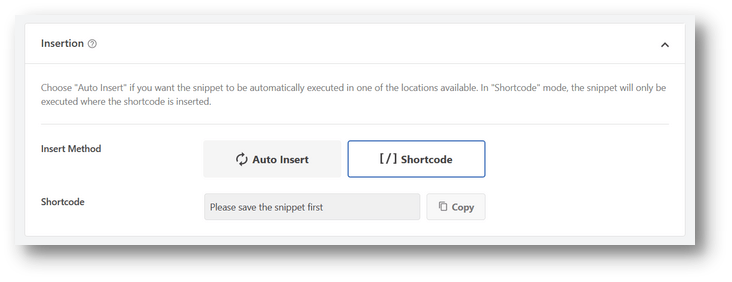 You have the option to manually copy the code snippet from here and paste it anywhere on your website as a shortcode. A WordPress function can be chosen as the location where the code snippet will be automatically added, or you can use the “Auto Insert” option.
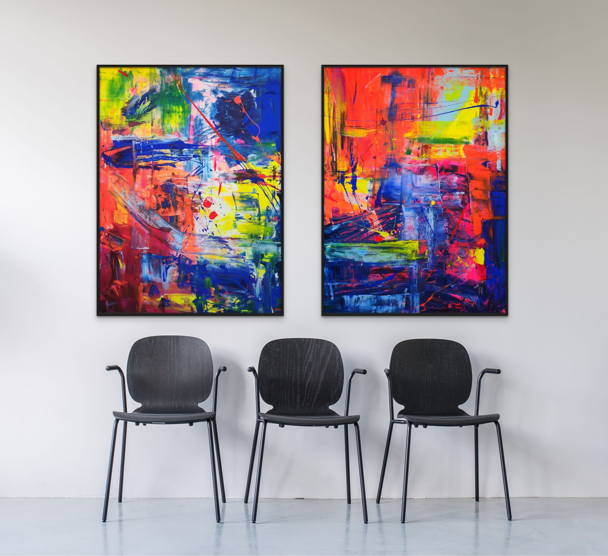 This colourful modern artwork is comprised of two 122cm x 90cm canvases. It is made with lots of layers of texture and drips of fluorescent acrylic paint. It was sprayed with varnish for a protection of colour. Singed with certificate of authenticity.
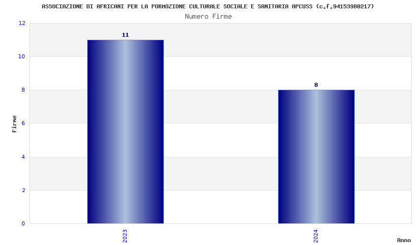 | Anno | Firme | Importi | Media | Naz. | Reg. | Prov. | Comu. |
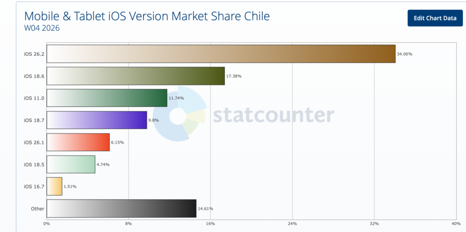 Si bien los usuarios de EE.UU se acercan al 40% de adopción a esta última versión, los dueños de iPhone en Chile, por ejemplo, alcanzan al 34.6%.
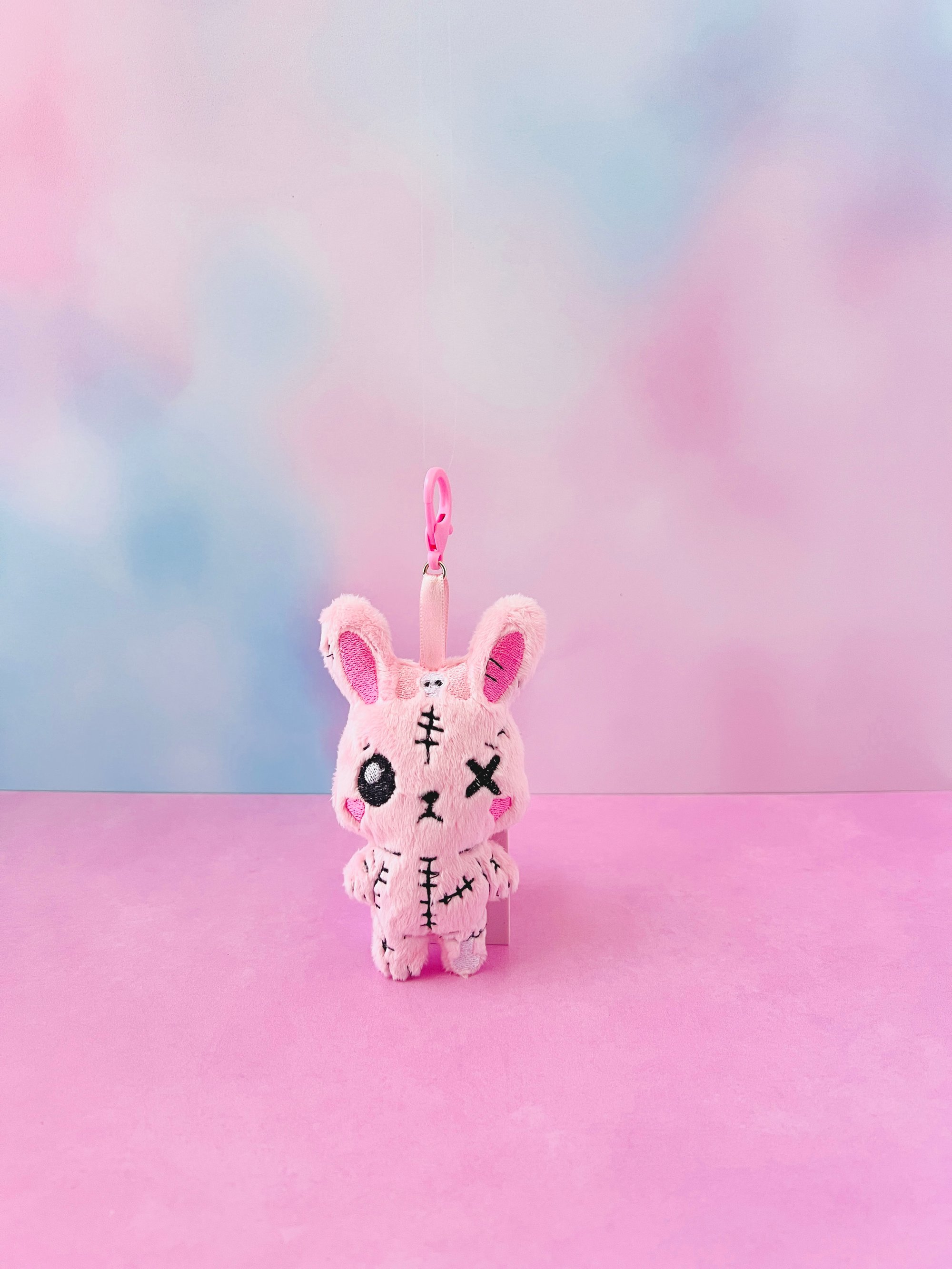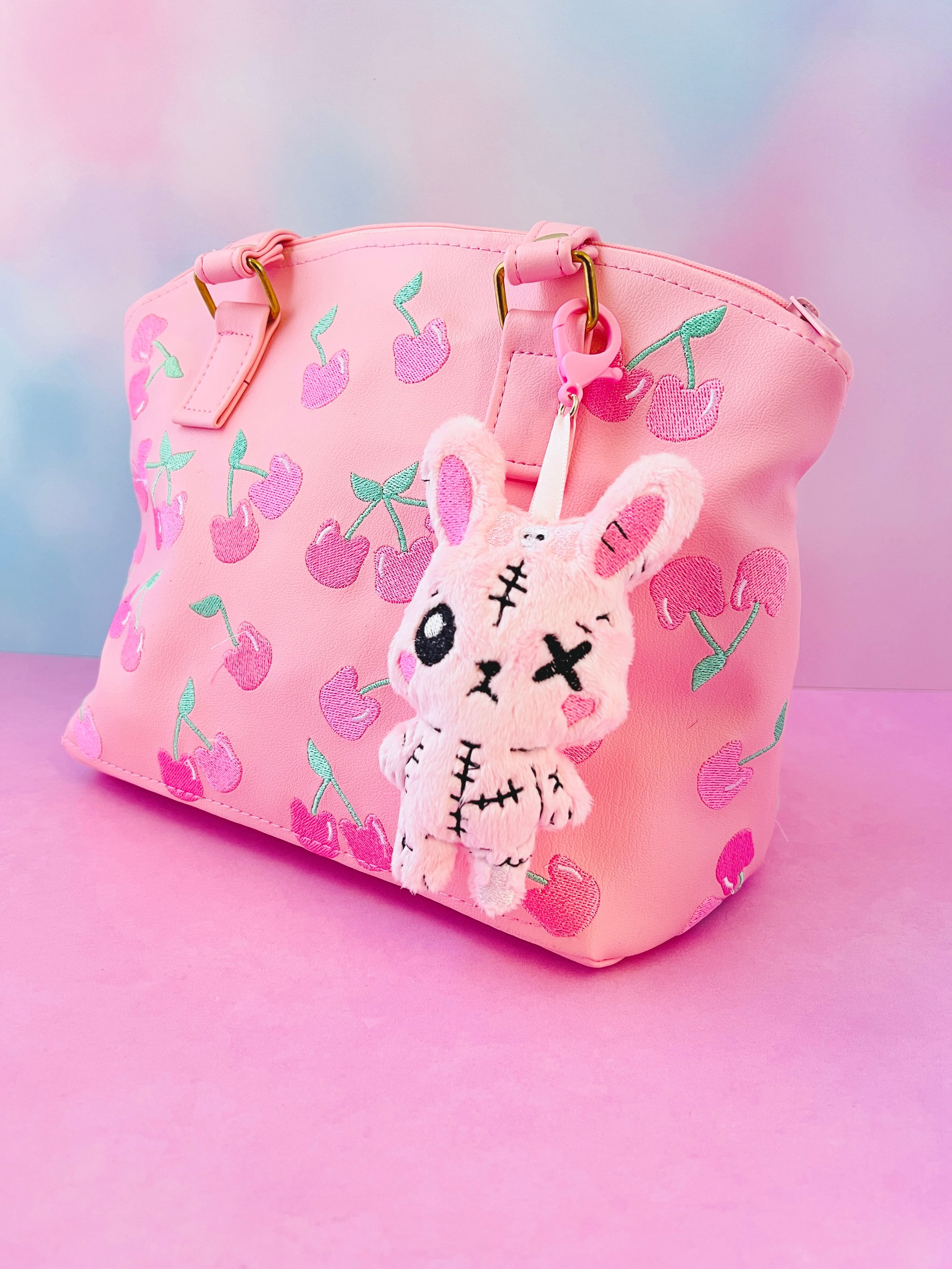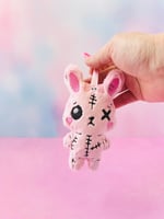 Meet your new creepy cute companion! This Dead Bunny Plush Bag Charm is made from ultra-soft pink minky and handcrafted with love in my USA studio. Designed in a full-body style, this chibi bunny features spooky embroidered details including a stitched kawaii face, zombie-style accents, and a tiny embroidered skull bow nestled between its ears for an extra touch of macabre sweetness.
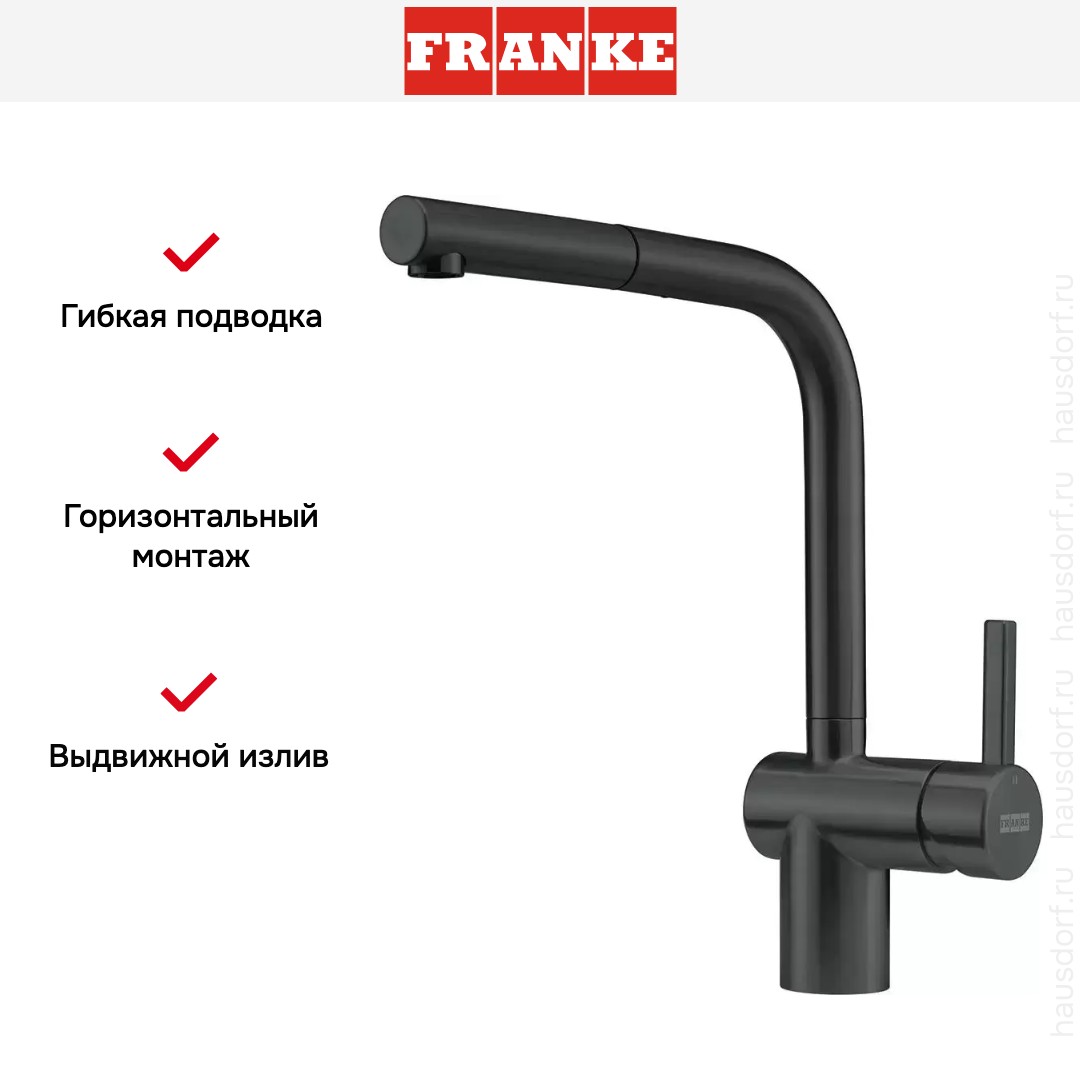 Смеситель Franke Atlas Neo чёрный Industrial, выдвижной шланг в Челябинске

REQUIRED WORK
Every entry above should be given again exactly, with no images included.

WRITTEN SOLUTION
 You have the option to manually copy the code snippet from here and paste it anywhere on your website as a shortcode. A WordPress function can be chosen as the location where the code snippet will be automatically added, or you can use the “Auto Insert” option.
 This colourful modern artwork is comprised of two 122cm x 90cm canvases. It is made with lots of layers of texture and drips of fluorescent acrylic paint. It was sprayed with varnish for a protection of colour. Singed with certificate of authenticity.
 | Anno | Firme | Importi | Media | Naz. | Reg. | Prov. | Comu. |
 Si bien los usuarios de EE.UU se acercan al 40% de adopción a esta última versión, los dueños de iPhone en Chile, por ejemplo, alcanzan al 34.6%.
 Meet your new creepy cute companion! This Dead Bunny Plush Bag Charm is made from ultra-soft pink minky and handcrafted with love in my USA studio. Designed in a full-body style, this chibi bunny features spooky embroidered details including a stitched kawaii face, zombie-style accents, and a tiny embroidered skull bow nestled between its ears for an extra touch of macabre sweetness.
 Смеситель Franke Atlas Neo чёрный Industrial, выдвижной шланг в Челябинске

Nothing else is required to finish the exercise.